Your task is to repeat exactly the lines from the one with "Medidas: 19 cm." through the end of the records, both included; please leave the pictures out.

▸ Raw data:
##############################
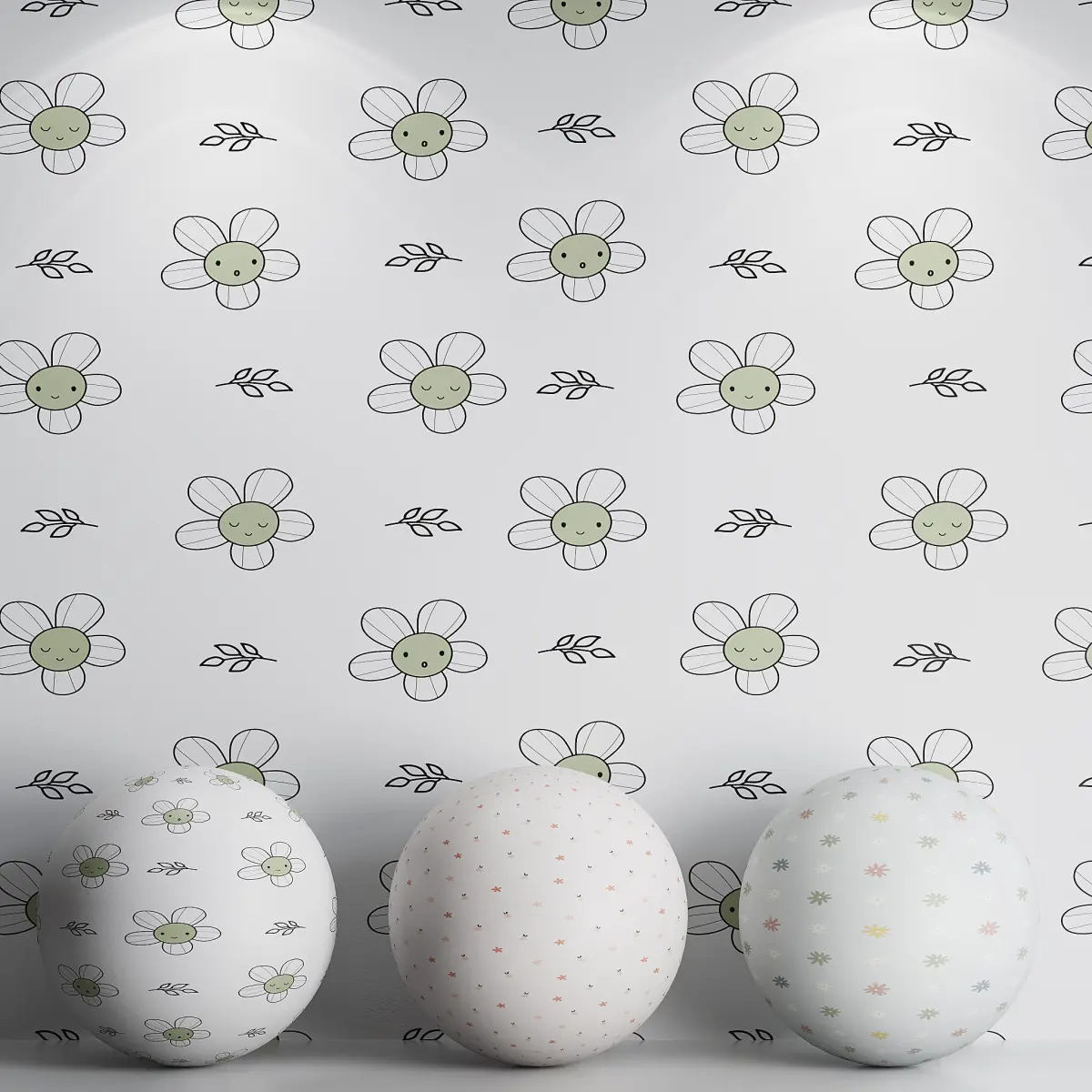 Tags: kids wallpaper, floral pattern, pastel decor, flower wall art, nursery design, 3D wallpaper, seamless wallpaper texture, daisy wallpaper, modern children’s room, soft color scheme, hand-drawn elements, botanical wallpaper, playful design, cheerful flowers, Corona Renderer, interior render, printable wall decor, high-quality texture, realistic visualization, baby room wallpaper
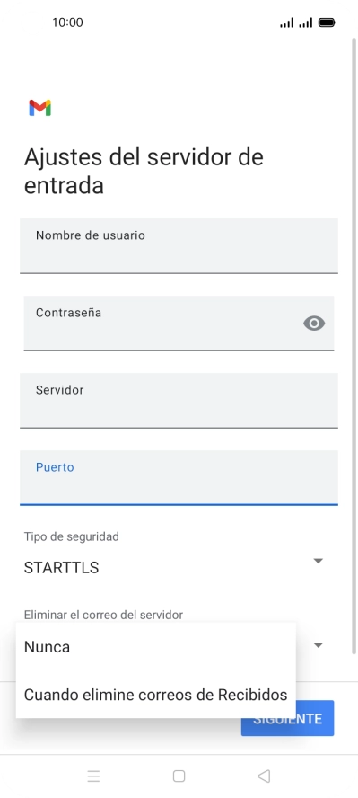 Pulsa Nunca para conservar los correos electrónicos en el servidor cuando los borras del teléfono.
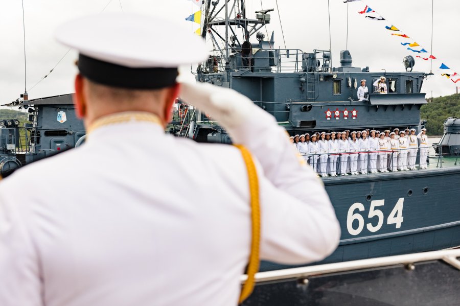 “Андреевский флаг развевается не только в Арктических морях, но и в Средиземноморской и Черноморской морских зонах. Мы живём историей флотилии, её сегодняшним днём и перспективами развития”, – отметил командующий Северным флотом Александр Моисеев.
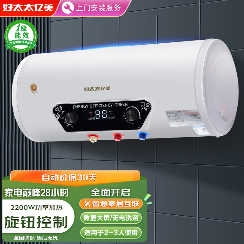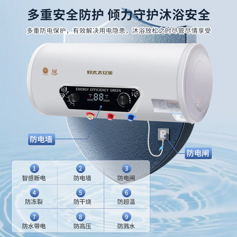 好太太亿美热水器电热水器速热圆桶50升一级能效2000W卫生间洗澡家用出租房小型热水器DSZF-50A 上门安装价格:338.00元!
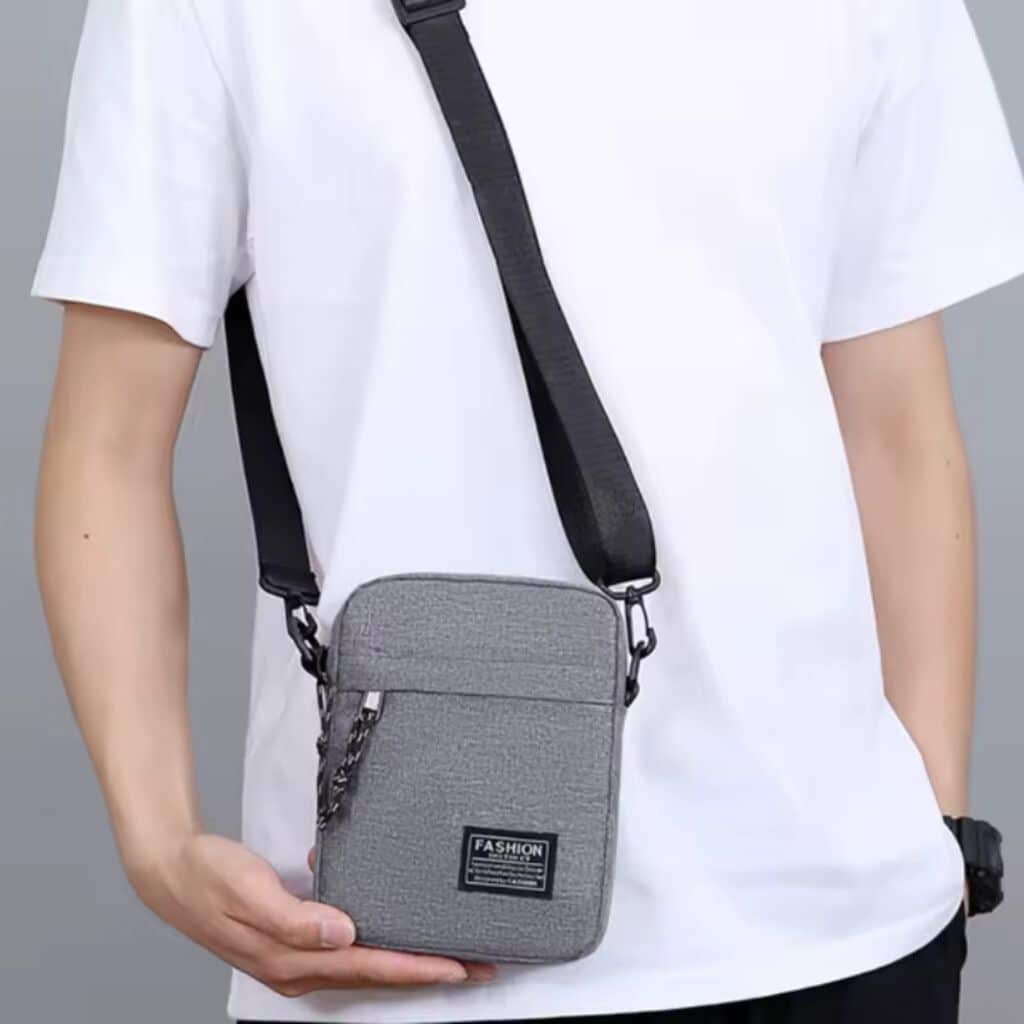 Medidas: 19 cm. alto x 14 cm. ancho x 5 cm. profundidad Colores: Negro, gris y azul Tela: Oxford
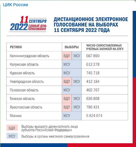 Заявки на право применения ДЭГ на сентябрьских выборах подали семь регионов России: Калининградская, Калужская, Курская, Новгородская, Псковская, Томская и Ярославская области, все они одобрены. На выборах в органы местного самоуправления по предложению территориальных комиссий решение о применении региональной платформы ДЭГ может принять Мосгоризбирком.
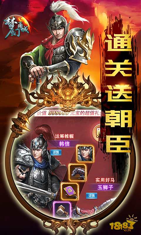 1、上线送铜钱188兆,粮草188兆,兵员188兆,元宝200000 2、天天在线领取领真充值卡、GM商城卡,超多福利等你来领! 3、在线活跃免费领取月卡激活卡,通关领取朝臣 4、7日签到领取战国名将白起,15日签到领取祖龙嬴政,畅爽开局等你体验!
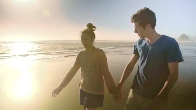 Teenage couple hold hands and walk down beach
##############################
▸ Written reply:
 Medidas: 19 cm. alto x 14 cm. ancho x 5 cm. profundidad Colores: Negro, gris y azul Tela: Oxford
 Заявки на право применения ДЭГ на сентябрьских выборах подали семь регионов России: Калининградская, Калужская, Курская, Новгородская, Псковская, Томская и Ярославская области, все они одобрены. На выборах в органы местного самоуправления по предложению территориальных комиссий решение о применении региональной платформы ДЭГ может принять Мосгоризбирком.
 1、上线送铜钱188兆,粮草188兆,兵员188兆,元宝200000 2、天天在线领取领真充值卡、GM商城卡,超多福利等你来领! 3、在线活跃免费领取月卡激活卡,通关领取朝臣 4、7日签到领取战国名将白起,15日签到领取祖龙嬴政,畅爽开局等你体验!
 Teenage couple hold hands and walk down beach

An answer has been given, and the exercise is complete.